The more details the better. Contrary to the popular cliche, a picture is NOT necessarily worth 1000 words, though pictures do help. Pictures trump words where the writer is not all that good at it. Keep detailed field notes. After the tour, when you have time, refine it. Many revisions and knowledge and practice in good writing may be required. It could be time consuming. If you are going to take the trip of a lifetime, make many copies of your well written journal and pass them along to future generations.
If you don't already know how, learn description. Keep a lightweight, digital recorder for capturing details as you go along. Try to remember details of conversations. I have extremely detailed journals and some less detailed. For cyclists, vivid descriptions of road conditions and traffic would be of some interest. Good writing can make most anything interesting or most anyone. If you are all that serious about it, you might want to seek out a night course in creative writing. Actually, good writing can be hard work, quite time consuming, and require a lot of serious thinking, and also the reading of other good writing in your subject. For reading, you might want to start with "The Great Ride," "Miles From Nowhere," and a book written by an Englishman many years ago which has been described as the greatest book about round-the-world cycling ever written, but I don't remember its title.

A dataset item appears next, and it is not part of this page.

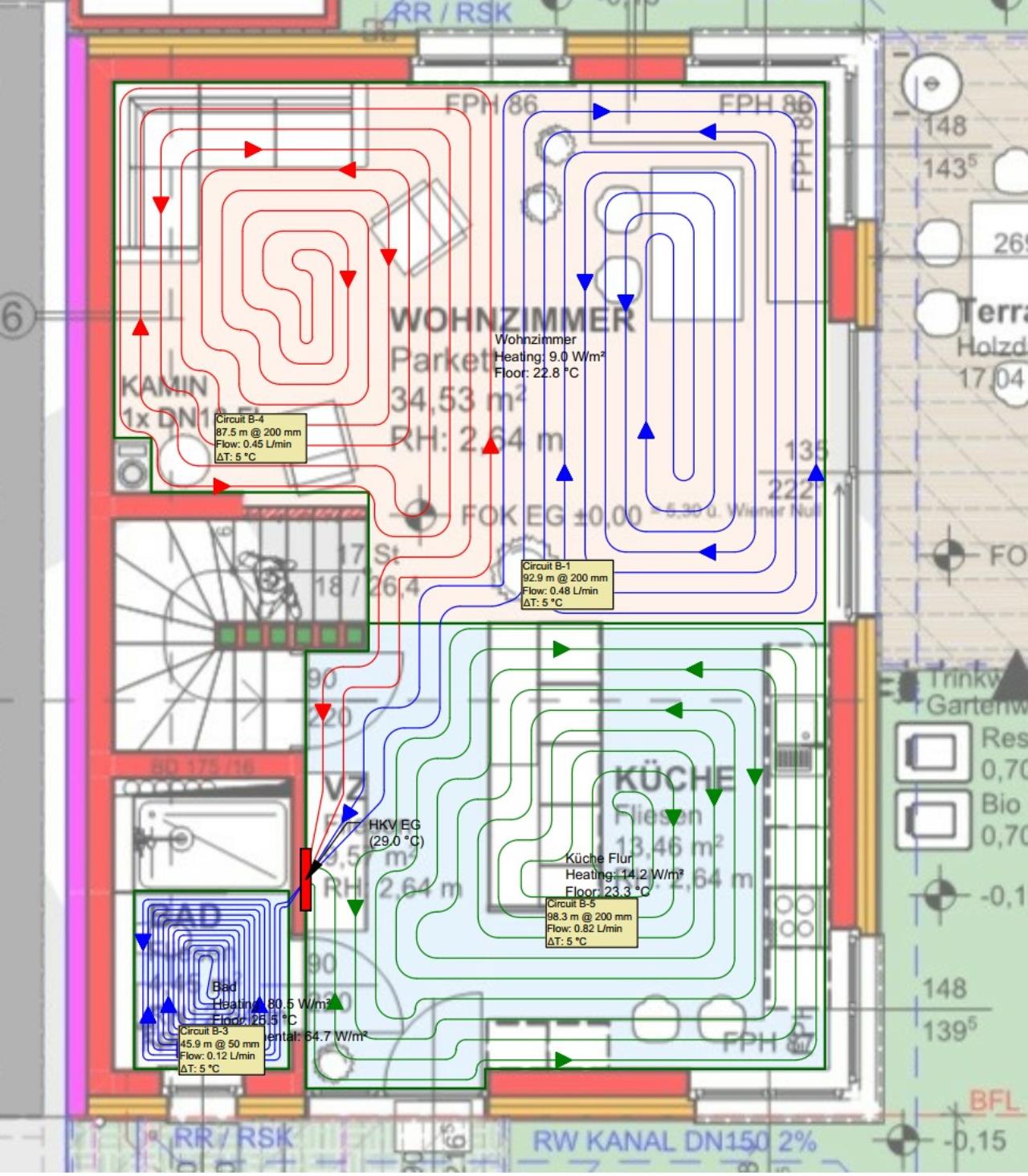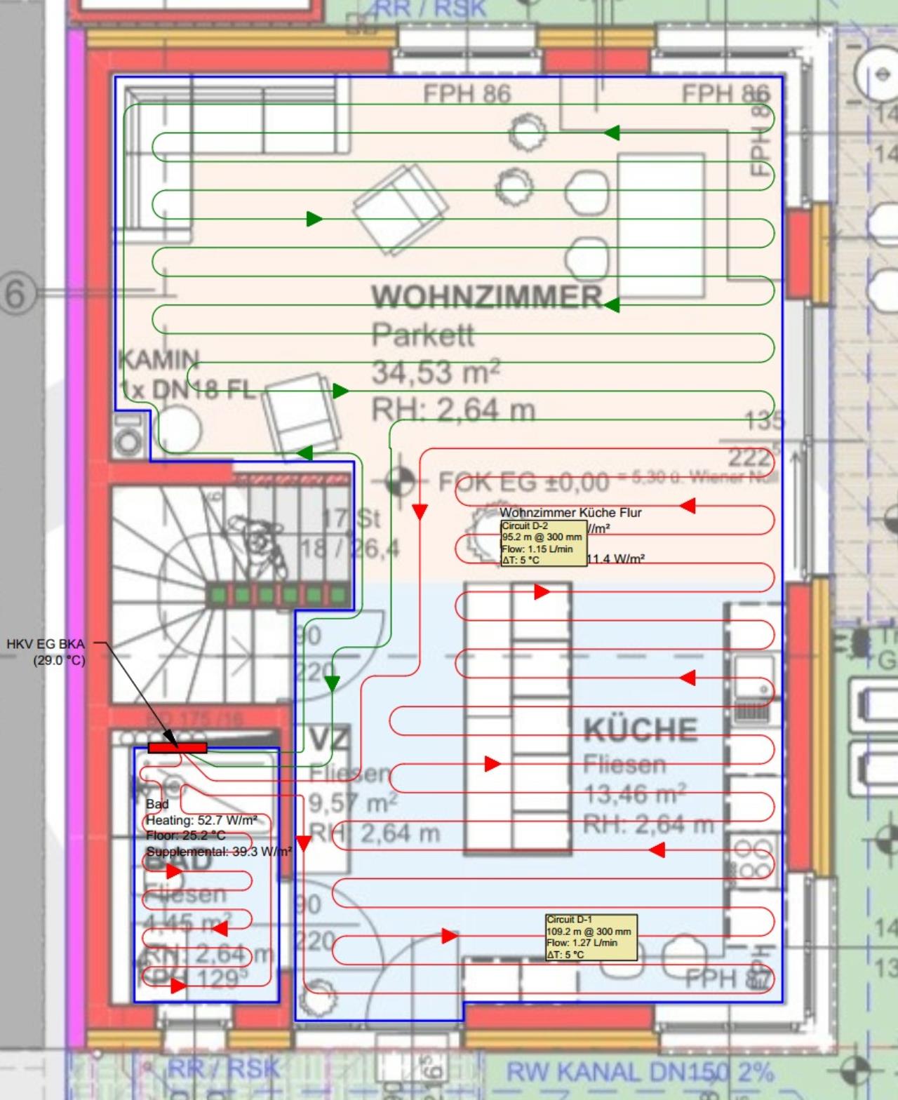 Die BKA BKA [Betonkernaktivierung] im OG Bad ist mit der falschen Flussrichtung geplant. Außerdem bringt diese mit dem großen Verlegeabstand in diesem Bereich nichts. Kleinere Rohrdimension und engerer Verlegeabstand nur für diesen Bereich, dann wäre es sinnvoll gelöst.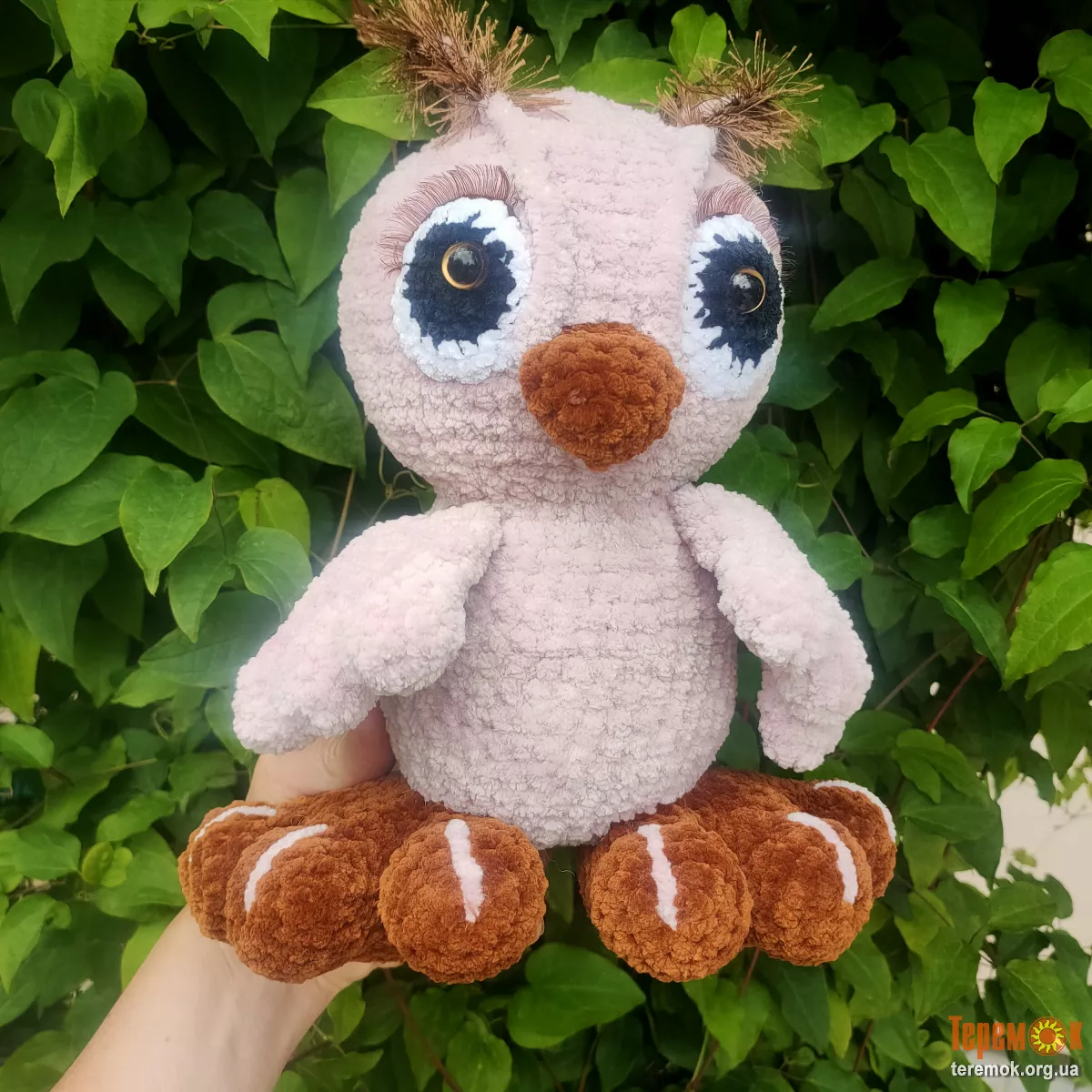 очі в'язані.на безпечному кріпленні,клюв вязаний ,крила та лапки пришиті,без каркаса,сама стоїть.

The journals on CGOAB are fine as those sorts of journals go, but if you really want to produce your magnum opus, you would not use them as models. They are somewhat interesting and engaging and imaginative. I have read many CGOAB journals, and while they are OK, they are not what I am trying to tell you to do, but several grades below. It's up to you what you do and how you go about it. You may eventually decide that the time required for putting together a really well-written, detailed journal is not worth it. I have written many journals and many hundreds of thousands of words and studied good writing and I have taught it. Revision is a key to good writing. Books are not written. They are re-written.